CLEARWATER, Fla. – Martha Heft was 5 years old when she became fascinated by her mother’s pedal sewing machine. A natural from the start, she quickly picked up the skill and developed a hobby she has enjoyed for the past 94 years.
“I took home economics in high school because I knew with sewing, I would have no trouble getting an A,” Heft said. “It’s a joy, an accomplishment and a pleasure.”
Now 99, a grandmother of eight and great-grandmother of 16, she is using her love of sewing to help others, both locally and internationally, one stitch at a time.
Heft has helped create 670 quilts that have been distributed to local non-profits, dozens of dresses for underprivileged little girls in Haiti after a massive earthquake rattled the island in 2010, and most recently, over 60 dresses for little girls in Puerto Rico, following the death and destruction Hurricane Maria caused last September.
The handmade dresses are created from donated pillowcases, which Heft transforms until the finished product is incomparable to its original state.
Heft’s granddaughter and her husband, who serves as the Palm Beach County Sheriff’s Office’s community outreach coordinator, flew to Puerto Rico last month to hand-deliver the delicate dresses to little girls at Regazo de Paz, a children’s home in Aguadilla that houses up to 15 orphaned or abused children up to the age of 8.
“They were beautiful, each one had its own special touch,” said Magdalena Jimenez, the executive director of the children’s home, through tears. “We need people with the heart this lady has…it’s a blessing to know people like that.”
The dresses come in different sizes and colors and are adorned with various trims, pockets and collars.
Attached to each dress was a unique and inspirational note written in Spanish.
"Smile because we love you," one read.
Heft’s love of sewing is evident as one strolls around her humble Clearwater, Fla. home.
Her treasured sewing machine and a bowl full of pins replace plates and cups on her dining room table.
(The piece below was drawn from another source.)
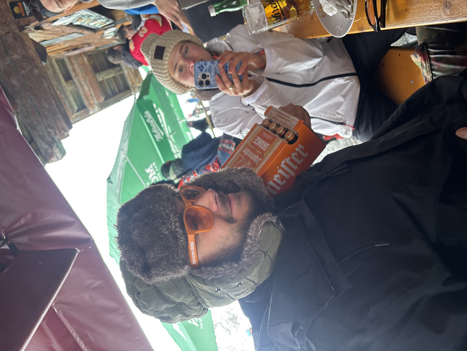 The scene depicts an outdoor or semi-enclosed seating area at what appears to be a ski resort establishment in St

Drying racks for damp clothes have another use under her roof—to hold large vibrant quilts, each with its own theme and color scheme. One of two sofas in her bright living room carries small mountains of little dresses, so delicate and innocent, you might think they were made for a doll.
Shelves holding folded pillowcases and hundreds of pieces of scrap fabric line an entire room of her home dedicated to her hobby. Post-its are pinned to each folded fabric piece with planned measurements written in Heft’s neat cursive handwriting.
The Ohio native gathers for a few hours every Monday with about six other women at Heritage United Methodist Church to sew dresses and quilts, and sneaks in a few hours of sewing during the week for what she calls “her addiction.”
She is overwhelmed with joy when she sees how many donations her church receives, but says she still needs more scrap cotton fabric, cotton pillowcases, quilt batting and thread to keep up with the demand of her charitable work.
The only day you won’t find her sewing? Sunday.
Sundays, she said as she methodically folds colorful pieces of fabric, are meant for rest.
“Our church’s mission motto is ‘across the street and around the world’,” said Jean Albert, one of Heft’s three daughters. “So, we do the quilts locally and then the pillowcase dresses go internationally.”
Albert said her mother wears her heart on her sleeve and has always loved charity work.
“She’s an inspiration,” Albert said. “We kind of have to pinch ourselves to remember that she is the age she is and she stays as active as she does.”
Heft said she hopes her legacy will teach people to use God as their partner to find contentment in life and hopes she can keep sewing for years to come.
“I hope God graces me five more years when you see all the fabric my daughter and I have to sew!” she said.
Heft said that because her 100th birthday falls on a Thursday this year, she still plans to sew, but will find time to celebrate at a party she says her three daughters are busy planning for her.